DATA PROVIDED:
*****

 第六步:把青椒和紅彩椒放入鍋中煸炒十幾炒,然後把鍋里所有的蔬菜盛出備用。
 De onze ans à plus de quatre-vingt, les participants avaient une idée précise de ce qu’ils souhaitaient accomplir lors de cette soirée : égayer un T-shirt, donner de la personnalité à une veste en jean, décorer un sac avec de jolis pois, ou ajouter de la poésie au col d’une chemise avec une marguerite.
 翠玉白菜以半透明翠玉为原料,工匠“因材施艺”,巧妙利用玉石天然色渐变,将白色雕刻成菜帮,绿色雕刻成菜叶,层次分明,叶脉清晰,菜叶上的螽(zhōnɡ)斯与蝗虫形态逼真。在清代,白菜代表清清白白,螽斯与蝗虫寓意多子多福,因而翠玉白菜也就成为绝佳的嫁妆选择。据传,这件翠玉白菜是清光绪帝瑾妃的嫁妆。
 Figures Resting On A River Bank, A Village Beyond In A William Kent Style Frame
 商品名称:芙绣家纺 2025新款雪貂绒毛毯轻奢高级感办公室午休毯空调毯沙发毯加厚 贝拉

*****

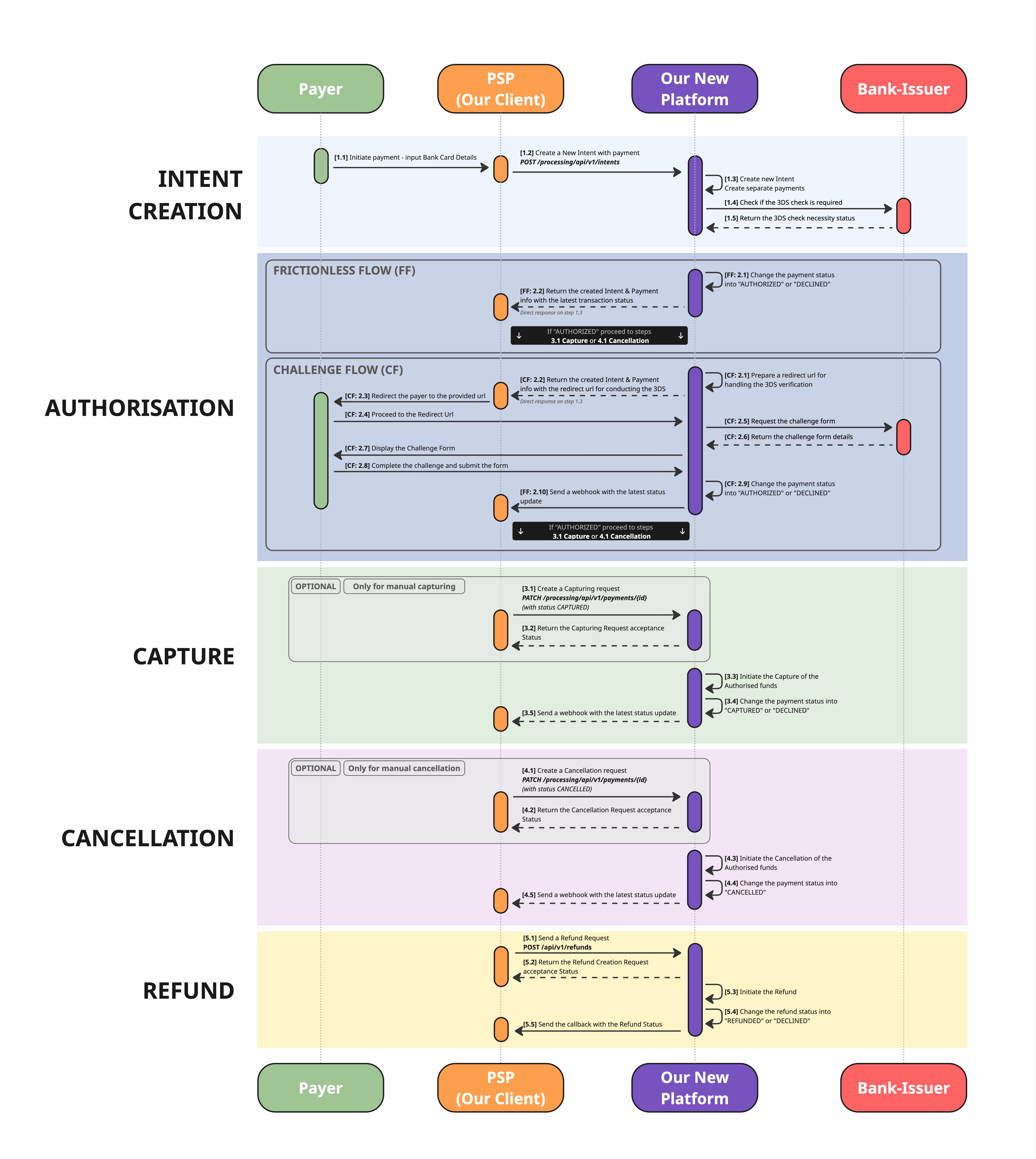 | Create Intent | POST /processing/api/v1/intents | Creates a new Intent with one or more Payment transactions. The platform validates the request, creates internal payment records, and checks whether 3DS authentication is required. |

*****

TASK: Print only what lies in the material above starting at the line with "第六步:把青椒和紅彩椒放入鍋中煸炒十幾炒,然後把鍋里所有的蔬菜盛出備用。" and ending at the line with "De onze ans", every line exactly as given.

ANSWER BOX:
 第六步:把青椒和紅彩椒放入鍋中煸炒十幾炒,然後把鍋里所有的蔬菜盛出備用。
 De onze ans à plus de quatre-vingt, les participants avaient une idée précise de ce qu’ils souhaitaient accomplir lors de cette soirée : égayer un T-shirt, donner de la personnalité à une veste en jean, décorer un sac avec de jolis pois, ou ajouter de la poésie au col d’une chemise avec une marguerite.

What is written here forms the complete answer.